An engineer who examined the documentation, Riccardo Merendi, found that the environmental testing protocol had been copied from standards designed for small onshore facilities; Snam subsequently corrected the error without formally acknowledging it. ‘On the one hand, they identify species at risk and promise monitoring; on the other, they claim there is no impact whatsoever. The documents look as though they were produced by departments that do not communicate with one another,’ observes Lazzari.
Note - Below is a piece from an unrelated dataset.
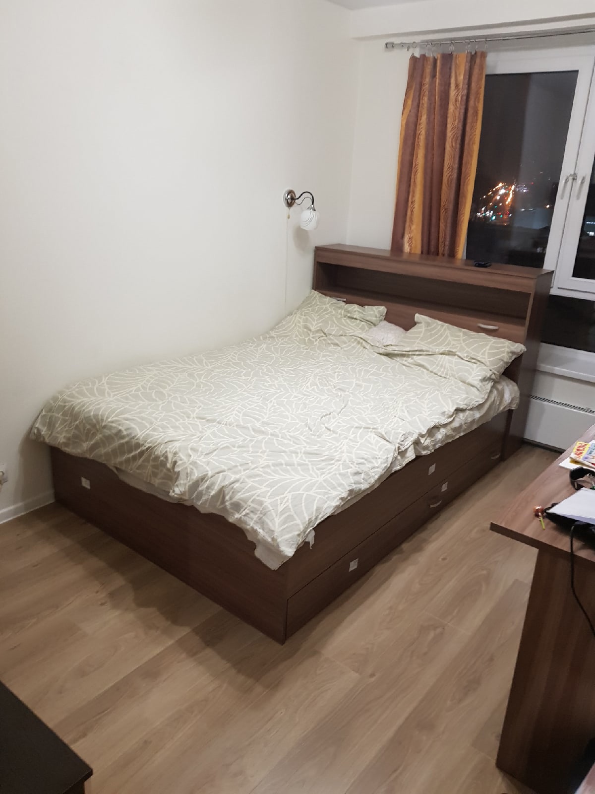 Сборку производил самостоятельно, прямо скажу - лучше не морочиться и заказывать со сборкой, схема неочень читаема, до некоторых моментов приходится доходить методом научного тыка.По мебели проблем вообще нет. ящики вместительные, шкафчик в изголовье удобен для хранения редко используемых вещей. Что особенно понравилось, то что есть конфигуратор и можно поменять цвета панелей. ясень шимо темный совпал с той мебелью которая у меня уже есть (тоже ясень)

The breakwater highlights this contradiction. Not included in the original plan, it became necessary after the chosen offshore location — 8.5 km from Punta Marina — proved unsuitable due to seabed conditions, dredging requirements and exposure to wave action that were incompatible with a permanently moored FSRU. “Once completed, it will cause erosion,” warns Piero Bucchi of Legambiente Ravenna, pointing out that such structures can accumulate sediment locally but accelerate erosion several kilometres away, without a specific environmental impact assessment. “In the end, the court will rule: since the facility exists, protection is mandatory,” he adds. In the meantime, the breakwater is not yet complete and the FSRU is periodically moved out to sea during storm surges, reducing its operational capacity.
End of Part One; Part Two will be published on 30 May 2026.
This article was produced as part of MOST – Media Organisations for Stronger Transnational Journalism, a journalism partnership funded by the Creative Europe programme that supports independent media specialising in international journalism.
In the opening photo by Elisabetta Zavoli: Danilo De Bellis, a veterinary surgeon and PhD student at the University of Camerino, performs a post-mortem examination on the sea turtle ‘Romeo’ in the dissection room of the School of Biosciences and Veterinary Medicine at the University of Camerino, in Matelica (MC), Italy, on 4 March 2026. Romeo is a loggerhead sea turtle (Caretta caretta) found stranded and rescued by the NGO Fondazione Cetacea in Riccione (RN) on 28 November 2025. He was cared for in a severely debilitated condition and died on 12 December 2025 with symptoms attributable to DTS (Debilitated Turtle Syndrome). De Bellis is studying the main causes of mortality among Caretta caretta turtles in the upper Adriatic. During necropsies, all organs are examined and tissue samples are taken for toxicological, histological and bacteriological testing. Many of the sea turtles recovered by the Cetacea Foundation or found stranded and dead during 2025 exhibited symptoms of DTS. In the Adriatic, this severe debilitating syndrome is found almost exclusively in animals measuring less than 45 cm in curved carapace length, i.e. juvenile turtles. The most obvious characteristics of this syndrome are extreme barnacle infestation (a symptom of severe debilitation and a compromised immune system), lethargy and severe emaciation due to muscle atrophy and the absence of fat deposits.